> **WORK REQUIRED**:
Write out each line of the entries exactly, starting at the first and finishing with the line that contains "Эмомалӣ Раҳмон ва".

--- RECORDED INFORMATION ---

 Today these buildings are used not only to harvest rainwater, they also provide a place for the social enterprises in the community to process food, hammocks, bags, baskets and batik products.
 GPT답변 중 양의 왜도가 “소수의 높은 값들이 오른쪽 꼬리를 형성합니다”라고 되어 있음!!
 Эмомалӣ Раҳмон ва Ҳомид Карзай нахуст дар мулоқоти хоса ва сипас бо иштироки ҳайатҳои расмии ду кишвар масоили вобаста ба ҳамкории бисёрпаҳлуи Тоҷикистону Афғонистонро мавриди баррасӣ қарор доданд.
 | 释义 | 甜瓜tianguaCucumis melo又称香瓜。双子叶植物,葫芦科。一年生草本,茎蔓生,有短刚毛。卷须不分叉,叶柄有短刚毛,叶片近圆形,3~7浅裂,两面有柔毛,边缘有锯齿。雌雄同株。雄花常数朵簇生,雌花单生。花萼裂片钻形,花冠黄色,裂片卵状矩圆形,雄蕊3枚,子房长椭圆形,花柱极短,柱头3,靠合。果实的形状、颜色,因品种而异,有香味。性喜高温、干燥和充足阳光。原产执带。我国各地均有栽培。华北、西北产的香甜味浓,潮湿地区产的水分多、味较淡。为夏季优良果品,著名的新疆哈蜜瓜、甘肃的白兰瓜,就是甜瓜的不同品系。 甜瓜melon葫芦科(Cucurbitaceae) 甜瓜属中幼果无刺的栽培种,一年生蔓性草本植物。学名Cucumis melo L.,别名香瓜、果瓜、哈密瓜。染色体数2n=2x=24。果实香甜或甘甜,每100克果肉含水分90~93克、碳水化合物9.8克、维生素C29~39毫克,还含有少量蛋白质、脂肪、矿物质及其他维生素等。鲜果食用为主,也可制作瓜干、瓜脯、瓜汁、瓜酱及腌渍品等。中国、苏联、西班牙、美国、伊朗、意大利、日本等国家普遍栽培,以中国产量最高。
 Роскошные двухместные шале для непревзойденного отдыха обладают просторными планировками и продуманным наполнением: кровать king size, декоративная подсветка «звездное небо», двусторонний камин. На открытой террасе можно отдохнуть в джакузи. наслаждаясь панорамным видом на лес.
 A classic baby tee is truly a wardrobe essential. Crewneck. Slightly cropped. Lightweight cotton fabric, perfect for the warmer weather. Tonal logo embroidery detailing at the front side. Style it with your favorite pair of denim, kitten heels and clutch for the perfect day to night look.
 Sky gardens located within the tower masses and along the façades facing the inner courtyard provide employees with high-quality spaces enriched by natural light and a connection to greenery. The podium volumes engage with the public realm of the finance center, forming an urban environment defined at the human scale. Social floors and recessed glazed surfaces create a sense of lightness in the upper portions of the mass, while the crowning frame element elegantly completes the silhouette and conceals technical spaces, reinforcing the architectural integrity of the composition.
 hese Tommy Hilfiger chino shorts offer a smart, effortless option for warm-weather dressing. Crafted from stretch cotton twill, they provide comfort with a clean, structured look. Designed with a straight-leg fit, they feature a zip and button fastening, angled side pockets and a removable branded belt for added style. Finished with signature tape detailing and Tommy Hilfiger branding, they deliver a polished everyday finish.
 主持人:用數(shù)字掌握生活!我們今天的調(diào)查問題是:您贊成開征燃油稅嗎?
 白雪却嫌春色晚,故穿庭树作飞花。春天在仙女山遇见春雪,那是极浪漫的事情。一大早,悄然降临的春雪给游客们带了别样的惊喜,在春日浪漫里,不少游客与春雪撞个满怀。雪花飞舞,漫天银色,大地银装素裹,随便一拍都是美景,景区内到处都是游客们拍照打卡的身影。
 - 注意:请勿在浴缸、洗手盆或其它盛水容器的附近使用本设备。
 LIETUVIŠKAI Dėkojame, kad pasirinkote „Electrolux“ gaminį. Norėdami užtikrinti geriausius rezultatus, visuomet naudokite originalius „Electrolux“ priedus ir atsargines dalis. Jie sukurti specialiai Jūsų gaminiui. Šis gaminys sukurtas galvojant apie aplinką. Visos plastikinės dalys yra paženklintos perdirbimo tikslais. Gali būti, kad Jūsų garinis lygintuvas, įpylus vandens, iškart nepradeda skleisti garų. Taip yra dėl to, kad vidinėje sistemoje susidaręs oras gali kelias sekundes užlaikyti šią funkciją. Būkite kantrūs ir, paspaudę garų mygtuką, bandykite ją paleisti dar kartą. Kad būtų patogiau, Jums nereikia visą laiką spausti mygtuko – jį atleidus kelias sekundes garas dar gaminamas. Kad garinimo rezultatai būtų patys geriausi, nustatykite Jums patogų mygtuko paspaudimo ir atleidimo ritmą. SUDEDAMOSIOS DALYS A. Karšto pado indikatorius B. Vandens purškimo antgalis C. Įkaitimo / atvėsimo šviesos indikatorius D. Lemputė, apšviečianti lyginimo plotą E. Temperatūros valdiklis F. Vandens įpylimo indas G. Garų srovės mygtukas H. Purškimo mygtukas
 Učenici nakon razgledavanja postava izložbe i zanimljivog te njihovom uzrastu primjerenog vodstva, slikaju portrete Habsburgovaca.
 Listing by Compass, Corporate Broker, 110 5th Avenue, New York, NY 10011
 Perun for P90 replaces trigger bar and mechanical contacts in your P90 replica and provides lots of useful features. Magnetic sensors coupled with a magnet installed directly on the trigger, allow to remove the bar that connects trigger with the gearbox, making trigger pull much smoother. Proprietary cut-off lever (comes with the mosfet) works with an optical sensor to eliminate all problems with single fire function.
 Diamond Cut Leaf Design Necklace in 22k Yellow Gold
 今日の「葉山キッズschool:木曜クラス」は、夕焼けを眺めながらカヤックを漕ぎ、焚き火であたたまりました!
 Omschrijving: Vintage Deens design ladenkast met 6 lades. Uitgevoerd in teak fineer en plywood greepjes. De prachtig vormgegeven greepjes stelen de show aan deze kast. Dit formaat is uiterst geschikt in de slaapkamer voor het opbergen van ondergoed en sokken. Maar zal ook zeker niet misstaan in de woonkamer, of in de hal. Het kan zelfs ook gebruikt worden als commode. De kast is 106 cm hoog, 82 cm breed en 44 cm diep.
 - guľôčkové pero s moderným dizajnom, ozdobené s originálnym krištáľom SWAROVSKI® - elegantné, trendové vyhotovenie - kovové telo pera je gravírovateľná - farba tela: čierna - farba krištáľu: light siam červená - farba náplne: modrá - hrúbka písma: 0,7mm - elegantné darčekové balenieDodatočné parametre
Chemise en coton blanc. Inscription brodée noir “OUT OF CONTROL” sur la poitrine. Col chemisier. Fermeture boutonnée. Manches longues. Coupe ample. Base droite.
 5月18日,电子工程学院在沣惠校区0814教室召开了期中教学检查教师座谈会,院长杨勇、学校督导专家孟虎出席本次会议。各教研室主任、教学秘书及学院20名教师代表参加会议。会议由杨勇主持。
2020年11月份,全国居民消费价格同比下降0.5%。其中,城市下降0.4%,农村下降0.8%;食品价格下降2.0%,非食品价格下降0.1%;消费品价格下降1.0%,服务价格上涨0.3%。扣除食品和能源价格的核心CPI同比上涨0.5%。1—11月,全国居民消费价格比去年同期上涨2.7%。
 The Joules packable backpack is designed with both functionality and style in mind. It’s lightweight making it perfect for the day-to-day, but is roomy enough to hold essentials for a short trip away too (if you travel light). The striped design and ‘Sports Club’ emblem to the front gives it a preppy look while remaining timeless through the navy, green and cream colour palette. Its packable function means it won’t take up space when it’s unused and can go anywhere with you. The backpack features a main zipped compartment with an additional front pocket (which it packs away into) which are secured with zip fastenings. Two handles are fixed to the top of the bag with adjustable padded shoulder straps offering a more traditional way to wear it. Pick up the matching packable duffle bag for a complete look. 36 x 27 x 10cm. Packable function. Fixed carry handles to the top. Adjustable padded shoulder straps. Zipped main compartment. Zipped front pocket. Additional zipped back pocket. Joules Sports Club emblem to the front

---

> **OUTPUT FOR THIS EXERCISE**:
 Today these buildings are used not only to harvest rainwater, they also provide a place for the social enterprises in the community to process food, hammocks, bags, baskets and batik products.
 GPT답변 중 양의 왜도가 “소수의 높은 값들이 오른쪽 꼬리를 형성합니다”라고 되어 있음!!
 Эмомалӣ Раҳмон ва Ҳомид Карзай нахуст дар мулоқоти хоса ва сипас бо иштироки ҳайатҳои расмии ду кишвар масоили вобаста ба ҳамкории бисёрпаҳлуи Тоҷикистону Афғонистонро мавриди баррасӣ қарор доданд.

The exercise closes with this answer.